I think I know what needs to happen. Apply Nat.mul_assoc to the right hand side of h_prod and then Nat.div_mul_cancel with h_x_mem_div gives me the result.

But I can't get lean to do that, I similar looking cases I have usedsimp or rw, but for some reason I can't get either to work. Can someone give me a hint?

#### Markus Schmaus (Oct 11 2023 at 22:50):

I think this should be a mwe

import Mathlib

example
(h_prod: List.prod dvds = n / x * (x * List.prod acc))
(h_n_eq_0: ¬n = 0)
(h_x_mem_div: x ∣ n)
: (List.prod dvds = n * List.prod acc) := by
sorry


#### Eric Wieser (Oct 11 2023 at 22:57):

Can you include the rw /simp / whatever invocation that you tried?

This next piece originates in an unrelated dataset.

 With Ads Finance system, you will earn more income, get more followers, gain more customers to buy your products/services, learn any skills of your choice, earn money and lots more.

#### Eric Wieser (Oct 11 2023 at 22:58):

Your outline works without any difficulty for me, so it seems that the problem is with how you attempted to lean-ify it

#### Markus Schmaus (Oct 11 2023 at 23:14):

This is what I expected to work: simp [Nat.mul_assoc, Nat.div_mul_cancel] at h_prod. I tried all permutations of this I could think off, including throwing in some Nat.mul_comm. So yes, the problem is that I don't know how to lean-ify it.

#### Markus Schmaus (Oct 12 2023 at 06:36):

@Eric Wieser Could you tell me how you solved the outline without any difficulty?

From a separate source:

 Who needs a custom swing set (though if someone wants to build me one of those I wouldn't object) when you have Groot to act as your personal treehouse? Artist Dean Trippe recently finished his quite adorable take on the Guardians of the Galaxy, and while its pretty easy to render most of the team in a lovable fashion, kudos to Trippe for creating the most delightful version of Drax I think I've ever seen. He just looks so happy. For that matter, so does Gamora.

#### Ruben Van de Velde (Oct 12 2023 at 07:16):

I'm not Eric, but this is how I tackled it:

example
(h_prod: List.prod dvds = n / x * (x * List.prod acc))
(h_n_eq_0: ¬n = 0)
(h_x_mem_div: x ∣ n) :
List.prod dvds = n * List.prod acc := by
rw [h_prod] -- eliminate dvds, this is now just a theorem about natural numbers
rw [← mul_assoc] -- move the parentheses around so we can work on (n / x * x)
congr -- optional: remove the parts of the expression that are the same on both sides
-- Goal is n / x * x = n: there should be a theorem in the library that states this
-- apply? tells us what it's called:
exact Nat.div_mul_cancel h_x_mem_div


#### Markus Schmaus (Oct 12 2023 at 07:28):

Thank you, this was the piece I was missing: ←

Last updated: Dec 20 2023 at 11:08 UTC